_Task details_
Reproduce exactly the lines from the start of the records through the line containing "Dialog komunikasi terapeutik", both included. Leave the pictures out.

(Entries taken from a collection)
──────────────────────────────

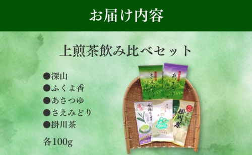 上煎茶飲み比べセット(深山・ふくよ香・アサツユ・サエミドリ・掛川茶 各100g) 飲料類 お茶 茶葉 詰め合わせ  39459 - 静岡県森町
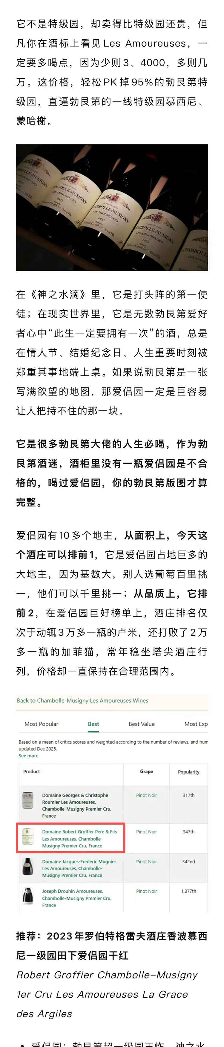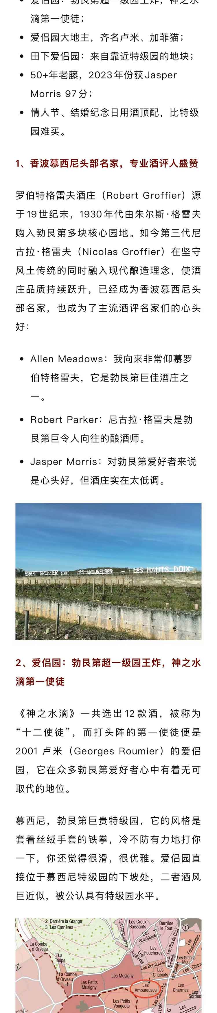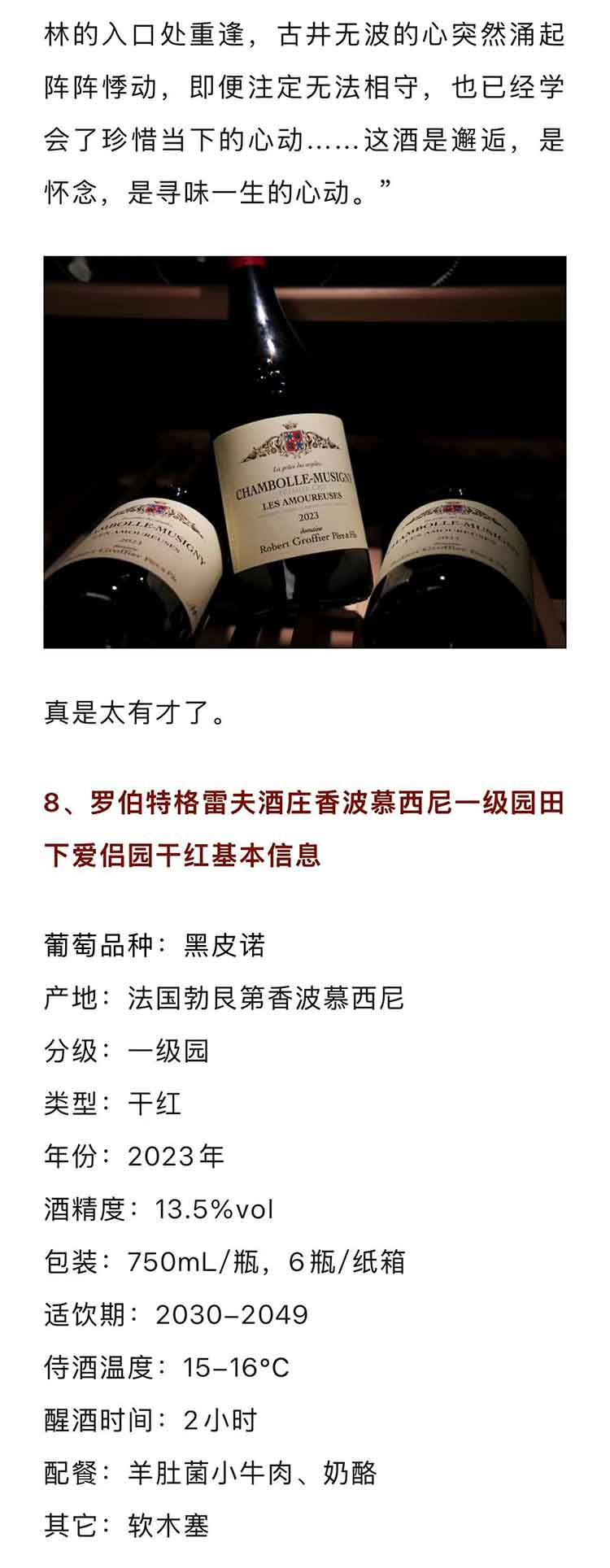 【JM 97分】法国勃艮第2023年罗伯特格雷夫酒庄香波慕西尼一级园田下爱侣园黑皮诺干红
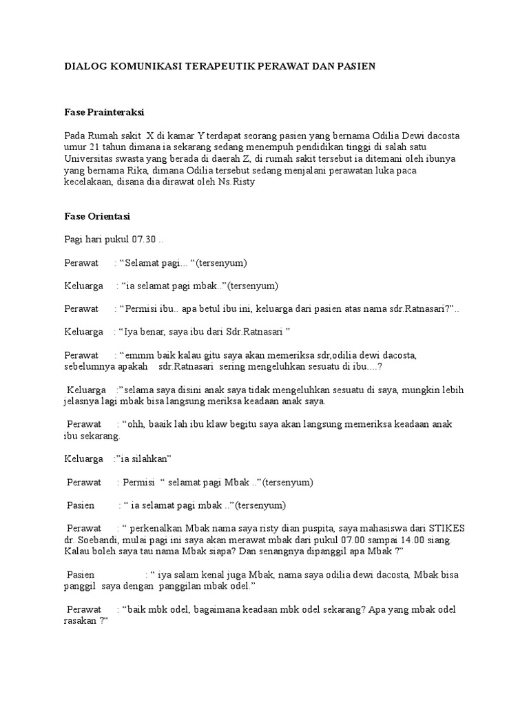 Dialog komunikasi terapeutik perawat dan pasien fase prainteraksi pada rumah sakit x di kamar y terdapat seorang pasien yang bernama odilia dewi dacosta umur 21 tahun dimana ia sekarang sedang menempuh pendidikan tinggi di salah satu universitas swasta yang berada di daerah z di rumah sakit tersebut ia ditemani oleh ibunya yang bernama rika dimana odilia tersebut sedang menjalani perawatan. Namun saat anak mengalami diare maka anda harus waspadaihal ini dikarenakan diare bisa berlangsung lama apalagi di usia mereka lebih. Contoh komunikasi terapeutik komunikasi terapeutik. Dapat meringankan beban pikiran pasien. Perlak dan handuk kecil dibentangkan di bawah kepala. Bahwa diare merupakan cara tubuh mengeluarkan virus pada tubuh.
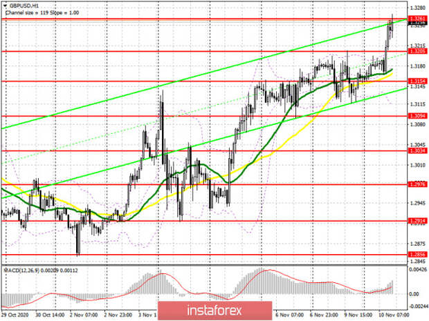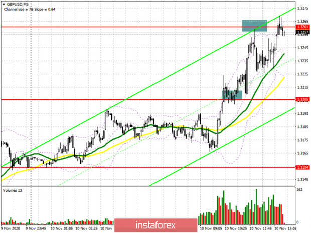 На 5-минутном графике отчетливо видно, как быки пробиваются и закрепляются выше сопротивления 1.3205, после чего еще утром я рекомендовал открывать длинные позиции. В результате рост составил более 50 пунктов и была достигнута цель 1.3261. От уровня 1.3261 я рекомендовал продавать фунт сразу на отскок с коррекцией 20-30 пунктов. В итоге так и произошло. После теста 1.3161 фунт отскочил вниз примерно на 33 пункта.На текущий момент следующей целью быков является сопротивление 1.3261, около которого сейчас и ведется основная торговля. Однако открывать оттуда длинные позиции рекомендую только после уверенного пробоя и закрепления выше этого диапазона по аналогии с утренней покупкой, которую я разбирал выше. Лишь это приведет к дальнейшему росту GBP/USD уже с выходом на максимумы 1.3315 и 1.3378, где рекомендую фиксировать прибыль. Если во второй половине дня мы будем наблюдать за нисходящей коррекцией фунта, то лучше всего не торопиться с покупками, а дождаться формирования ложного пробоя в районе 1.3205. Открывать длинные позиции сразу на отскок рекомендую от минимума 1.3154 в расчете на коррекцию в 20-30 пунктов внутри дня.
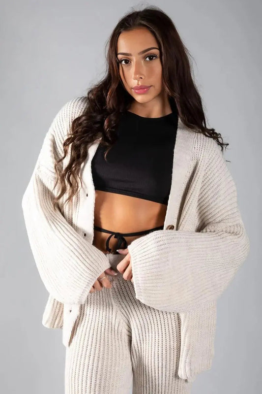 Casual Knit V Neck Cardigan & Loose Trousers Co-ord
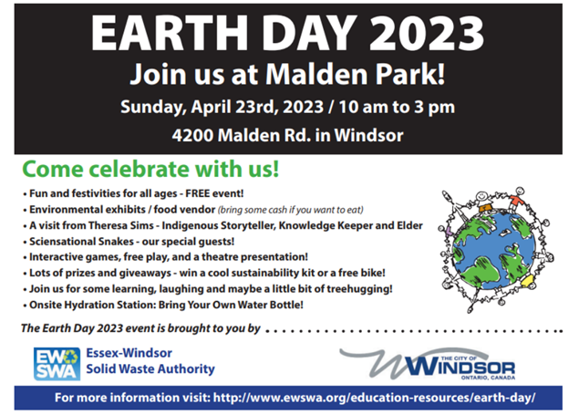 Windsor of Change at Earth Day Windsor Essex 2023 Sunday, April 23, 2023 10:00 AM 3:00 PM 10:00 15:00 4200 Malden Road Windsor, ON, N9C 3R1 Canada (map) Google Calendar ICS The City of Windsor is hosting an Earth Day event at Malden Park. Come chat with us at the Windsor of Change booth to participate in some fun Earth Day activities and learn more about our organization.

──────────────────────────────

_Solution for this task_
 上煎茶飲み比べセット(深山・ふくよ香・アサツユ・サエミドリ・掛川茶 各100g) 飲料類 お茶 茶葉 詰め合わせ  39459 - 静岡県森町
 【JM 97分】法国勃艮第2023年罗伯特格雷夫酒庄香波慕西尼一级园田下爱侣园黑皮诺干红
 Dialog komunikasi terapeutik perawat dan pasien fase prainteraksi pada rumah sakit x di kamar y terdapat seorang pasien yang bernama odilia dewi dacosta umur 21 tahun dimana ia sekarang sedang menempuh pendidikan tinggi di salah satu universitas swasta yang berada di daerah z di rumah sakit tersebut ia ditemani oleh ibunya yang bernama rika dimana odilia tersebut sedang menjalani perawatan. Namun saat anak mengalami diare maka anda harus waspadaihal ini dikarenakan diare bisa berlangsung lama apalagi di usia mereka lebih. Contoh komunikasi terapeutik komunikasi terapeutik. Dapat meringankan beban pikiran pasien. Perlak dan handuk kecil dibentangkan di bawah kepala. Bahwa diare merupakan cara tubuh mengeluarkan virus pada tubuh.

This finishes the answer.